In the records below, find the line with "The delegation first", then copy each line exactly until you have copied the line with "Image of data". Leave any picture out.

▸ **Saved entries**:
# # # # # # #
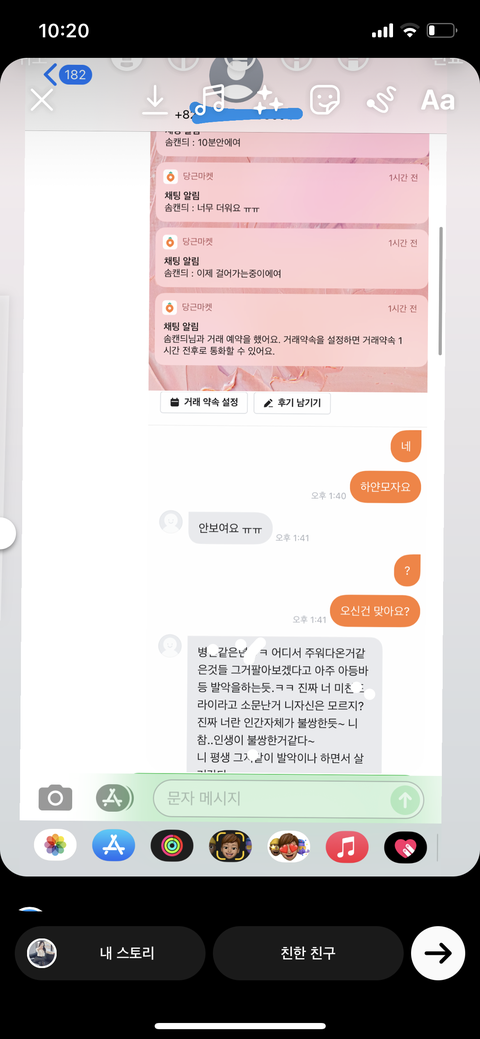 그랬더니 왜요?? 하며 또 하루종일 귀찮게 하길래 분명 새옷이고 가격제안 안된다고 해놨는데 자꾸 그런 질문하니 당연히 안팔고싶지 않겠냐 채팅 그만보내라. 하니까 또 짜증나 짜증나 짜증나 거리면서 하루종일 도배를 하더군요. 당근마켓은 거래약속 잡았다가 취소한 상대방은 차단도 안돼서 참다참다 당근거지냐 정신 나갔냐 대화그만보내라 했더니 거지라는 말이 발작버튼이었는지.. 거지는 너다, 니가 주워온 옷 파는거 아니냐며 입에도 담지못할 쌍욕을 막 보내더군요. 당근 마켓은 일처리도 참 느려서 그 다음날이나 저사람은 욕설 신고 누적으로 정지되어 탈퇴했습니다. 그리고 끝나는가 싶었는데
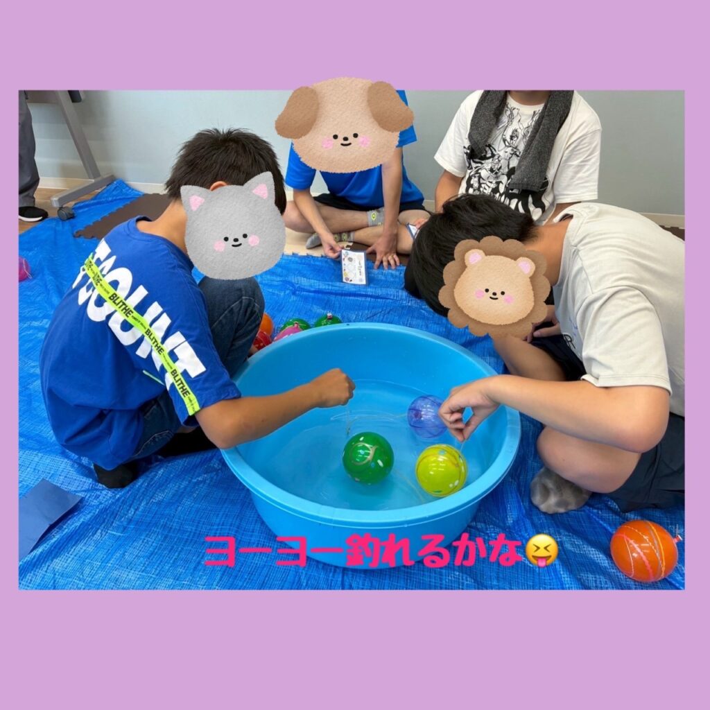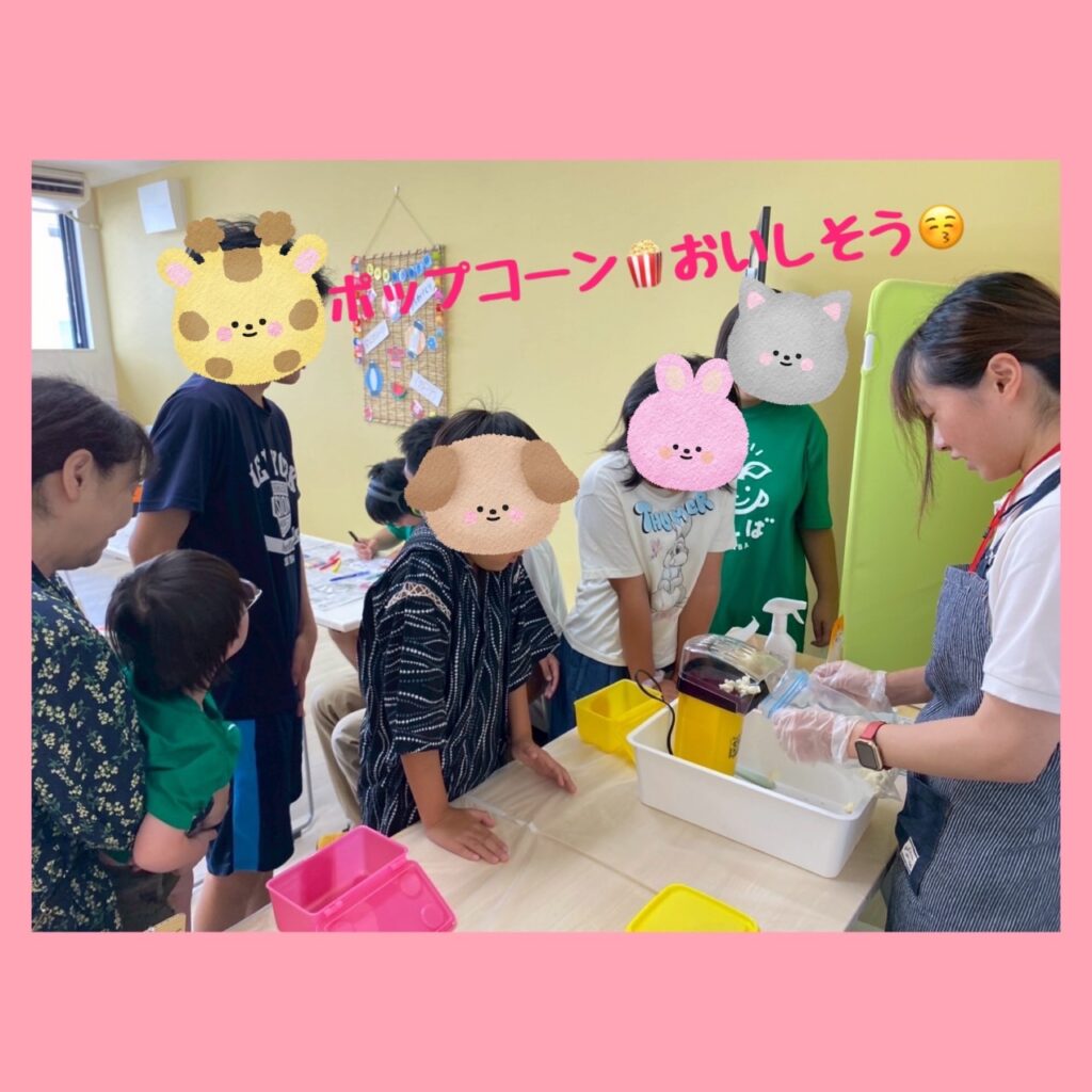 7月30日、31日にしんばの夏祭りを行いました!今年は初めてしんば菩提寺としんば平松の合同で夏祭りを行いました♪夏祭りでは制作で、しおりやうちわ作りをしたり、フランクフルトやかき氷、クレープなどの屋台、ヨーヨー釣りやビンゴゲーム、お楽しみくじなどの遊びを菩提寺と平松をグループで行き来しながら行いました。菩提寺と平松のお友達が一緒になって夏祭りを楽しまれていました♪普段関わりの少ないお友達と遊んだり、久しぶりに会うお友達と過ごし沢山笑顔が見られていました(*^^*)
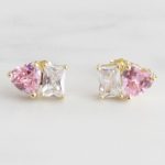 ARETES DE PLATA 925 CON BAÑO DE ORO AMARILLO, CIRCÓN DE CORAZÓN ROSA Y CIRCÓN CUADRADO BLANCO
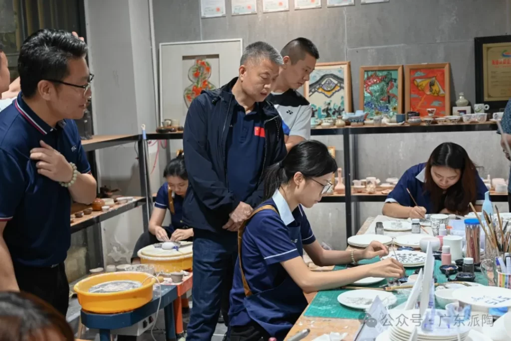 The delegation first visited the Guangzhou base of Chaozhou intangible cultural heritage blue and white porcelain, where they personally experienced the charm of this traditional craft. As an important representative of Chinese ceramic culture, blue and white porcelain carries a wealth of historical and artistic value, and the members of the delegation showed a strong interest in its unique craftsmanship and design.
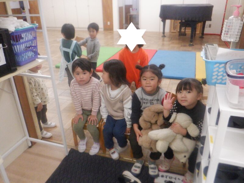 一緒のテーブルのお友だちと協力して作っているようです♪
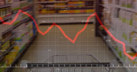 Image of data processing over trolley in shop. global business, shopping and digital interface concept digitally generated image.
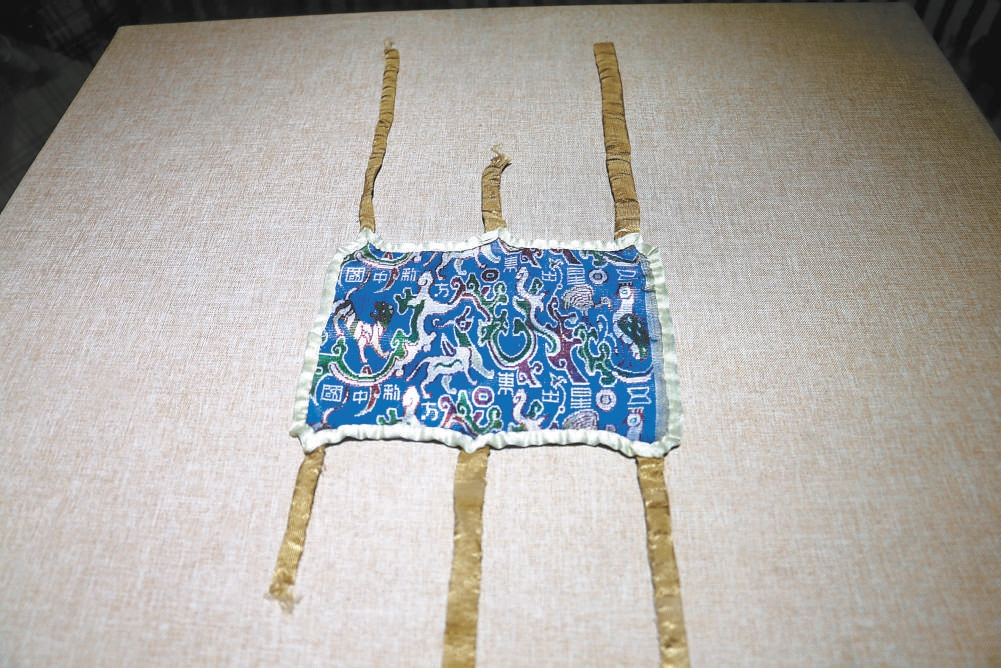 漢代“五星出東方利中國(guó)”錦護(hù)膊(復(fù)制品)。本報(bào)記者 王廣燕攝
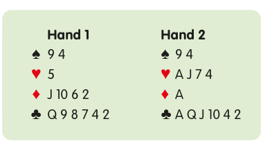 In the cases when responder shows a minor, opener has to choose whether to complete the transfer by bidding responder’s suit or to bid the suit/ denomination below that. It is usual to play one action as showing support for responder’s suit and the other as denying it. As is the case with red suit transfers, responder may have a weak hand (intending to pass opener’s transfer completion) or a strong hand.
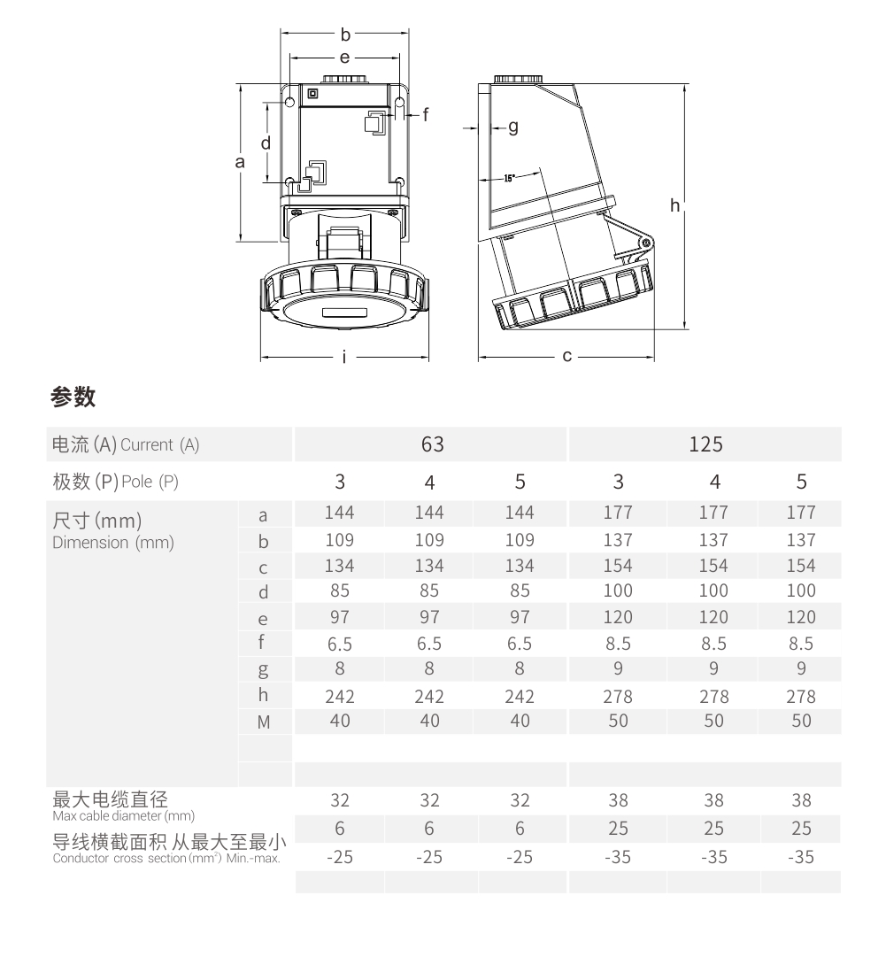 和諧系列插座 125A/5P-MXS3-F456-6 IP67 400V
# # # # # # #
▸ **ANSWER SPACE**:
 The delegation first visited the Guangzhou base of Chaozhou intangible cultural heritage blue and white porcelain, where they personally experienced the charm of this traditional craft. As an important representative of Chinese ceramic culture, blue and white porcelain carries a wealth of historical and artistic value, and the members of the delegation showed a strong interest in its unique craftsmanship and design.
 一緒のテーブルのお友だちと協力して作っているようです♪
 Image of data processing over trolley in shop. global business, shopping and digital interface concept digitally generated image.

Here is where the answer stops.